Coronary artery bypass grafting (CABG) is a type of surgery that enhances blood flow to the heart. CHD is a disease in which a viscous substance called plaque builds up inside the coronary arteries. This can narrow the coronary arteries and reduces the flow of oxygen-rich blood to the heart. This can cause chest pain or discomfort called angina
Deciding about the Treatment
To decide whether you’re a candidate for CABG, your doctor will do a physical exam. He or she will check your cardiovascular system, focusing on your heart, lungs, and pulse.
The doctor will also ask you about any symptoms you have, such as chest pain or shortness of breath.

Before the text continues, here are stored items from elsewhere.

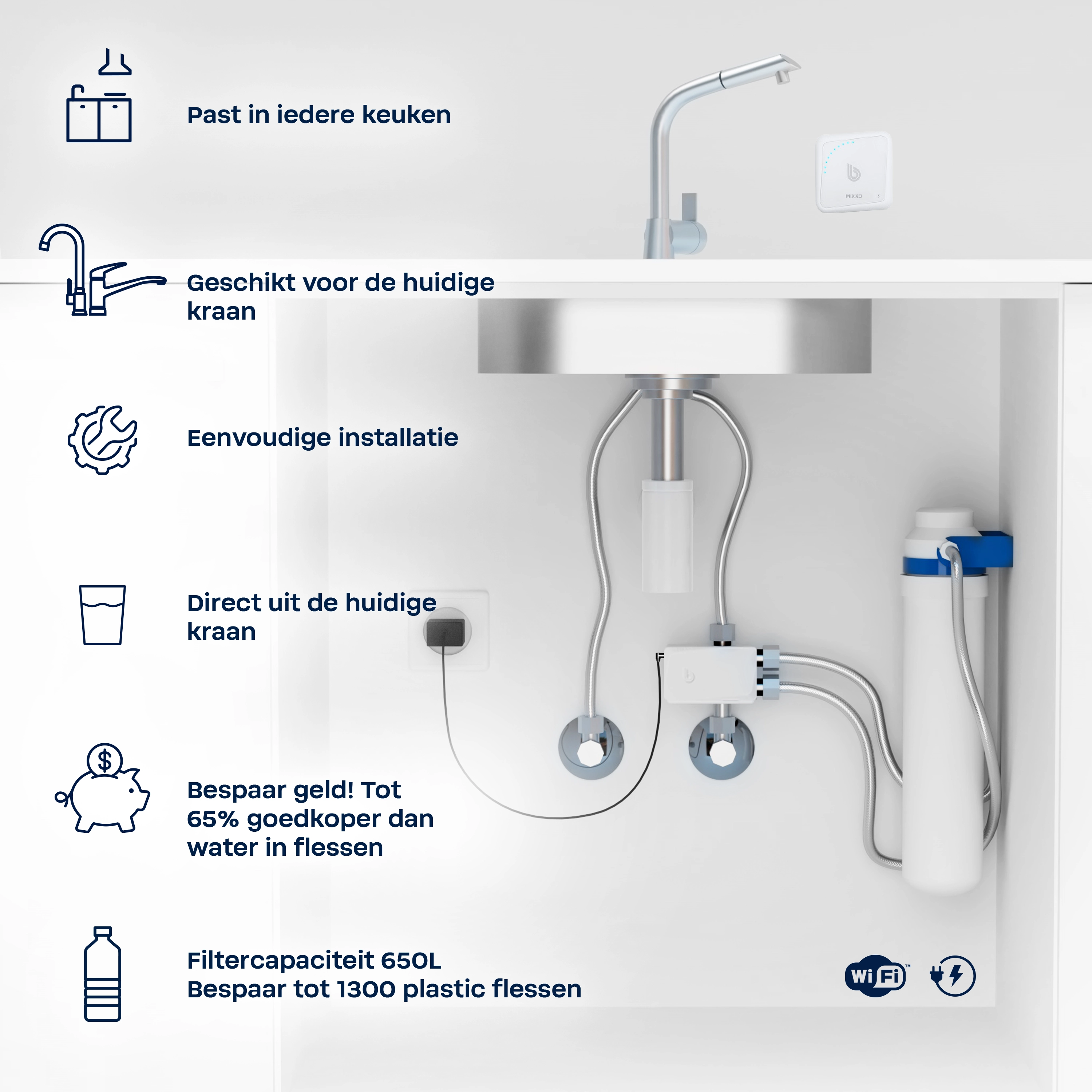 Filtro de agua bajo fregadero para tu grifo de cocina existente — incluye un cartucho MyAQUA “Perfect Taste” y una botella Climate grabada como regalo exclusivo.
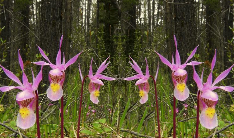 24. Ode to the Fairy Slippers (suggesting the fairies dancing, and advocating the increasingly rare Fairy Slipper orchid species: Calypso bulbosa, the only species in its genus. It thrives in cool coniferous forests or bogs and requires specific mycorrhizal fungi to survive. It is considered threatened in many areas.
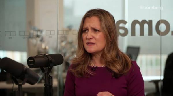 加拿大前副总理兼财政部长克里斯蒂娅·弗里兰皇冠信用网注册。彭博社视频截图
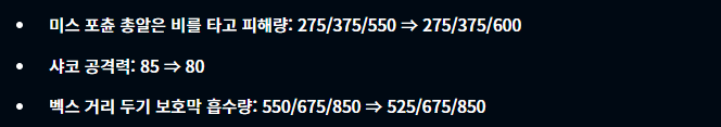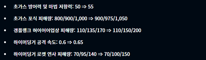 초가스의 경우 1성, 2성일때 그렇게 좋은 효과를 발휘하지 못한다고 생각하여 초가스를 버프해주었습니다. 또한 하이머딩거는 지난번에 버프를 받았음에도 그렇게 크게 활약하지 못하고 있는 모습을 보여주어 이번에 한번 더 버프를 해준 모습입니다. 그 외에도 여러 챔피언들의 능력치가 조정되었습니다. 특히 탐켄치는 초반에 일찍 나오면 후반에 굉장히 게임을 쉽게 풀어나가는 모습을 보여줬는데 그런 이유인지 탐켄치를 너프했습니다.
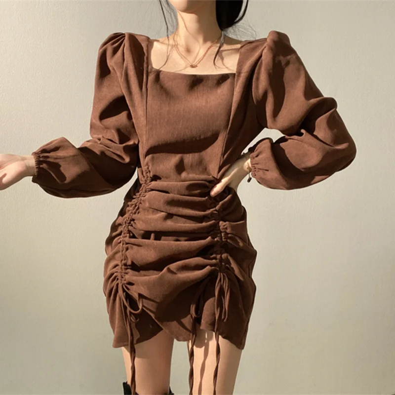 Autumn Winter Women Puff Sleeve Mini Party Dress Female Casual Vintage Long Sleeve Streetwear Bodycon Dress

He or she will want to know how often and for how long your symptoms occur and how severe they are.
Tests will be done to find out which arteries are clogged, how much they’re clogged, and whether there’s any heart damage. There are some tests like EKG (Electrocardiogram), Stress test, Echocardiography related to the diagnostic.
Duration of Stay
8 days in the hospital, 12 days outside
After surgery, you’ll typically spend 1 or 2 days in an intensive care unit (ICU). Your heart rate, blood pressure, and oxygen levels will be checked regularly during this time. While in the ICU, you’ll also have bandages on your chest incision (cut) and on the areas where an artery or vein was removed for grafting. After you leave the ICU, you’ll be moved to a less intensive care area of the hospital for 3 to 5 days before going home.
Full recovery from traditional CABG may take 6 to 12 weeks or more. Less recovery time is needed for non-traditional CABG.
Your doctor will tell you when you can start physical activity again. It varies from person to person, but there are some typical timeframes. Most people can resume sexual activity within about 4 weeks and drive after 3 to 8 weeks.
Returning to work after 6 weeks is common unless your job involves specific and demanding physical activity. Some people may need to find less physically demanding types of work or work a reduced schedule at first.
If the plaque accumulated within the blood vessel ruptures, a blood clot can form on its surface. A large blood clot can mostly or completely block blood flow through a coronary artery. This is often the most major cause of a heart attack. Over time, ruptured plaque also hardens and narrows the coronary arteries.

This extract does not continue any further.